Anonymous
Post 09/23/2025 12:32     Subject: Financing home purchase in retirement

Thanks for posting, OP. This discussion has been very informative. DH and I are in our mid 40s with similar aspirations of rebuilding on our lot or a massive gut reno at some point (who knows when or if we can even swing it). This post really has us thinking about which direction we should go in and when.

As a person who is actively managing our investments, your retirement portfolio built entirely on index funds is incredibly impressive. I was just thinking that we will need to start moving a small portion of our funds into bonds soon before the last of the interest rate cuts, but hell I am changing that strategy to index funds for the most part! Thanks again and keep living your best life, don’t be bothered with any hate!
Anonymous
Post 09/21/2025 12:55     Subject: Financing home purchase in retirement

Anonymous wrote:
Anonymous wrote:I've stopped maxing my 401K in my 40s for exactly this issue. My money is going elsewhere.

That said, you should get a mortgage, and you will have no trouble getting one with your asset position, on top of other retirement benefits.


OP here. What tax bracket are you in though? We are in the 37% bracket usually plus high state income tax. We have been for probably 15 years. We also plan to start Roth conversations filling the 24% tax bracket as soon as we retire. We plan to wait to 70 for SS.

I think about stopping the 401k contributions above match now. At least I would be paying that taxes now. But honestly I don’t think it moves the needle much given that the returns in our 401ks have been far exceeding any annual contributions.
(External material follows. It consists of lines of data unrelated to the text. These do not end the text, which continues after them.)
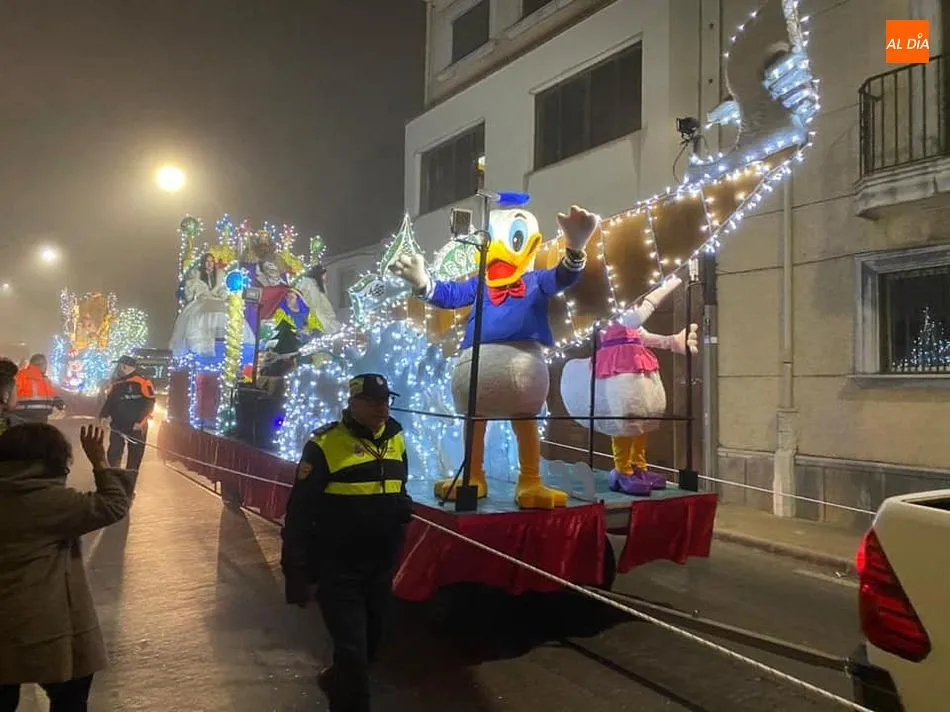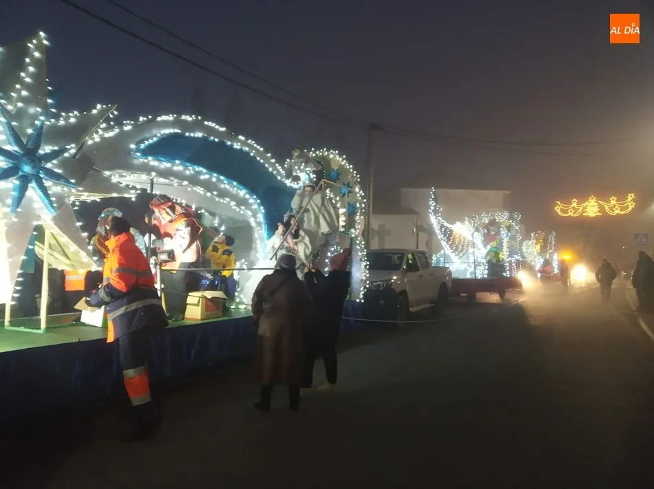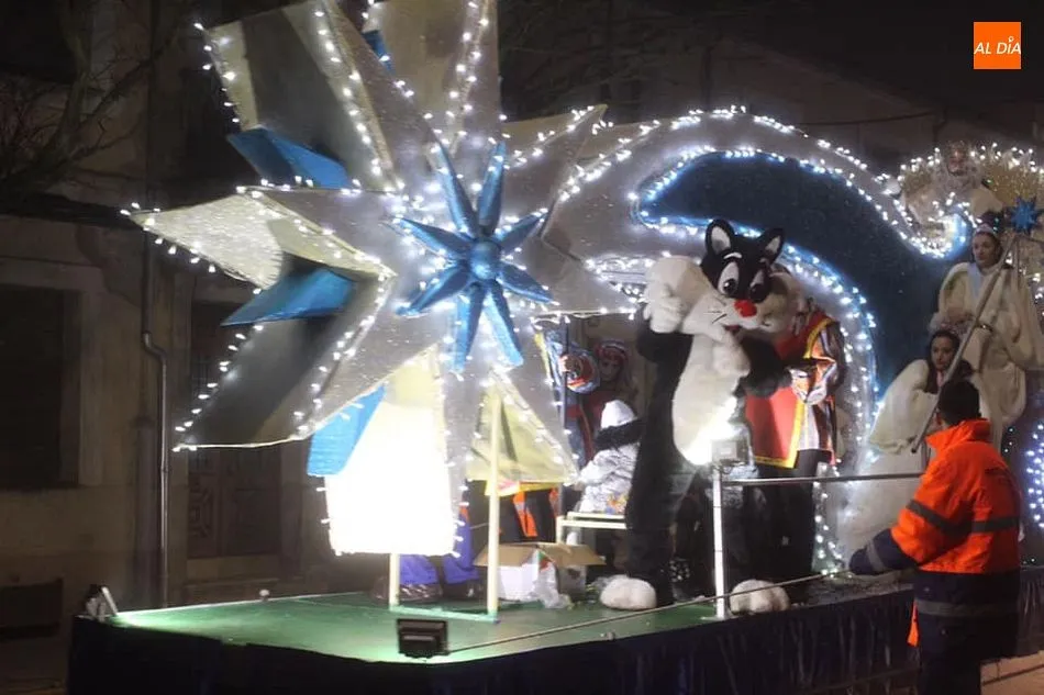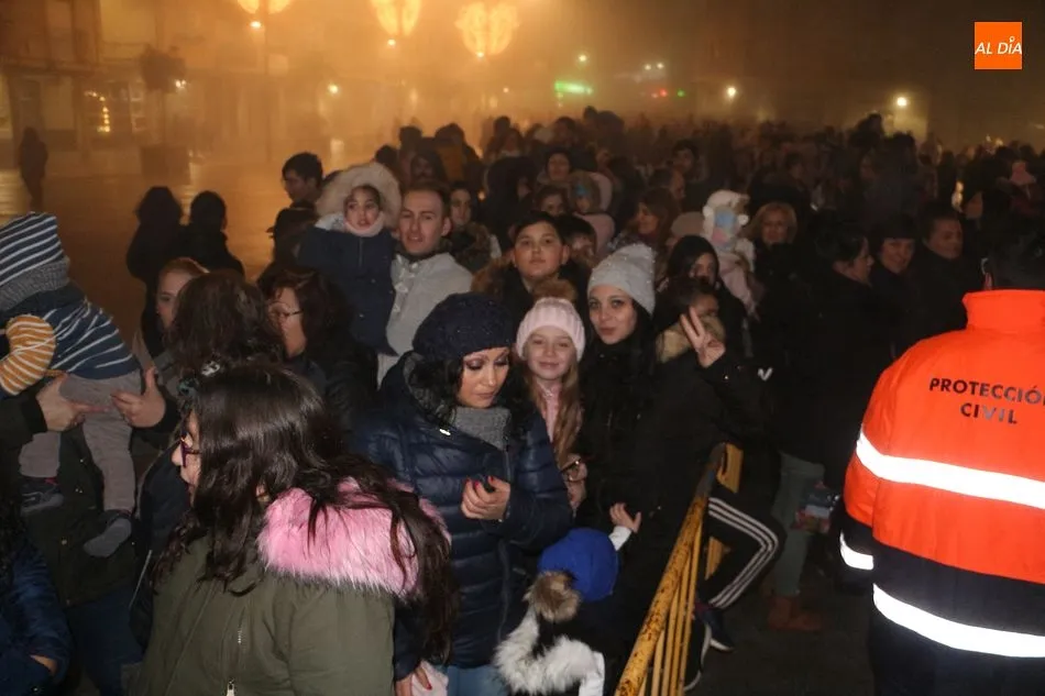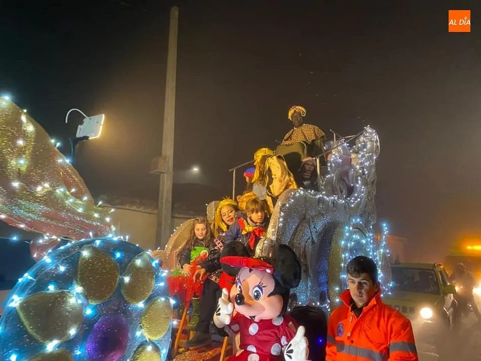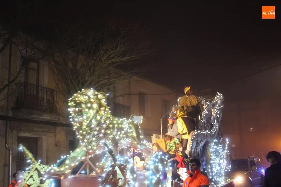 De regreso a Guijuelo, ha comenzado la cabalgata en la carretera de Campillo y ha recorrido las principales calles de la villa antes de llegar a la Plaza Mayor. El recorrido, inmerso en una densa niebla, ha contado con las tradicionales carrozas, viajando en ellas los niños ganadores del concurso organizado por el Ayuntamiento. En el ágora, Sus Majestades han recibido a los niños y les han regalado caramelos y la promesa de una mágica visita esta noche repleta de regalos.
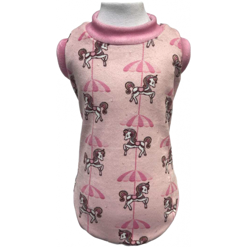 T-shirt in ciniglia rosa con teneri cavallini da carosello
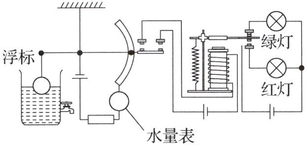 (选填“电流表”或“电压表”)改装而成的。当水量较低时,指示灯中会亮的是红灯
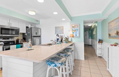 This beautiful two bedroom condo makes for the perfect family getaway. Located on the fifth floor of The Oceans. Sit back, and enjoy an incredible panoramic view of the ocean from the pool or one of the private balcony's. After a relaxing day by the pool or on the beach, you and your family can enjoy all that Cherry Grove has to offer. Fishing, golfing, dining at a seafood restaurant, shopping at boutiques, and parasailing are just the beginning of all the memories you will create here. This oceanfront condo is walking distance to restaurants, groceries, mini golf, ice cream, and endless water activities. You will be completely relaxed and comfortable during your stay, with high quality appliances, and a spacious gathering area.
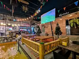 Soikoinae is a very local restaurant, somewhat similar to Taiwan's mountain chicken towns. It has a large area, with casual parking at the entrance, mostly outdoor seating, and a projector screen in the middle playing football matches, creating a pretty chill atmosphere.
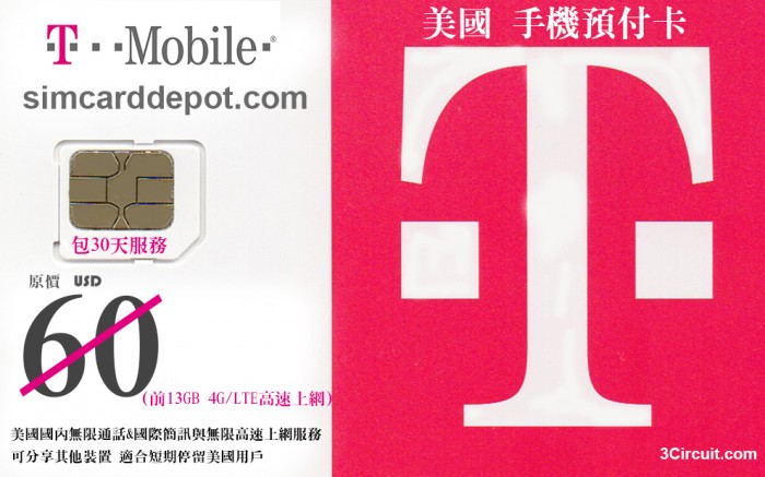 T-Mobile美國預付卡 無限通話簡訊&上網服務(前 6GB 4G/LTE高速上網)包30天

I don't mean to be rude, but if you've been at 37% for 15 years then you have a spending/saving problem that will eat you alive in retirement if you don't make some serious changes. At that income level your savings should be WAY more. Your taxable accounts should be WAY higher. You've been taking home AT LEAST $400k/yr for @15 years. Even maxing out pretax withholding you're at $300k take home. Your spending is very high. If you don't make some changes that savings won't last long.